Today, Solid Biosciences released a letter to the Duchenne muscular dystrophy (DMD) community regarding the decision by the US Food and Drug Administration (FDA) to place the company’s IGNITE DMD clinical trial on hold because the latest child dosed experienced a serious adverse event (SAE). The full letter follows.
Letter to the Duchenne Community: Update on IGNITE DMD:
Dear Duchenne community,
Since day one, we have had one clear objective at Solid Biosciences — to discover, develop, and deliver meaningful new therapies for patients with DMD. Our singular focus has been on Duchenne, and on improving the lives of patients and their families.
This morning we issued a press release providing an update on IGNITE DMD, our phase 1/2 clinical study with our microdystrophin gene therapy, SGT-001. In our ongoing commitment to the Duchenne community, we would like to provide you with this update.
The latest child dosed has experienced a serious adverse event (SAE), and thankfully, he is now improving. We have reported the event to the FDA and the IGNITE DMD Data Safety Monitoring Board. Following notification, we received a phone call from the FDA informing us that the IGNITE DMD study has been placed on hold and we expect to receive formal written communication from the agency with additional information. We are committed to working with the FDA to resolve the hold.
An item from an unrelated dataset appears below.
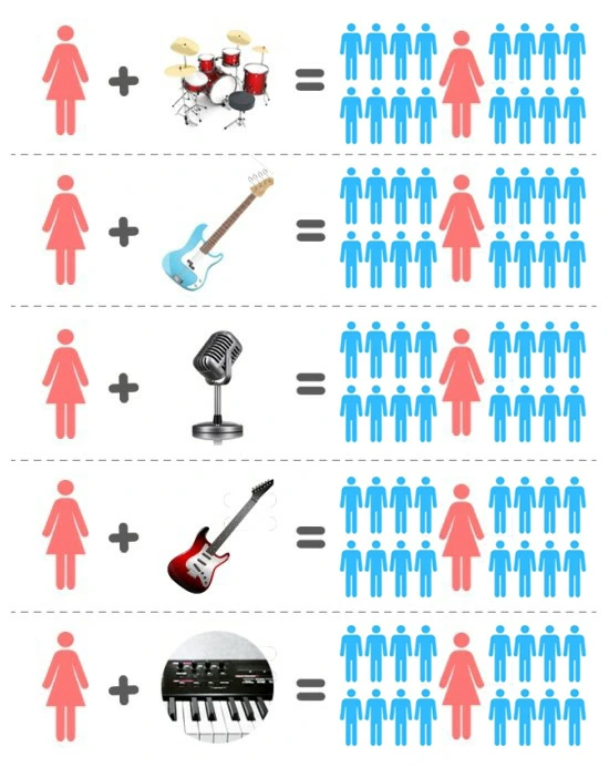 항상 베이스 연주자의 손가락을 보며 베이스 음에 눈과 귀를 열고 있었던 저를 상상해 보니 이 그림이 생각났습니다. 밴드 연주자의 성에 따른 팬의 성비 분포도를 그린 그림인데요.

To date, six patients have been dosed with SGT-001. This includes three patients in the first dose cohort at the 5E13 vg/kg dose. These patients are all doing well. As you may recall, in February of this year, we reported initial data from this first cohort — and we announced our plan to increase the dose to 2E14 vg/kg.
Three patients have now been dosed in this second cohort. The first two of these patients are also doing well. As mentioned above, the third patient in the 2E14 vg/kg cohort was dosed late in October and experienced an SAE. The SAE led to low platelet count, a decrease in red blood cell count, acute kidney injury, and cardiopulmonary decline. As last reported, the patient is being closely followed by his care team. He is recovering and continues to improve. We are working hard to better understand this event, and we will continue to monitor this patient with Dr. Barry Byrne and his exceptional team at the University of Florida.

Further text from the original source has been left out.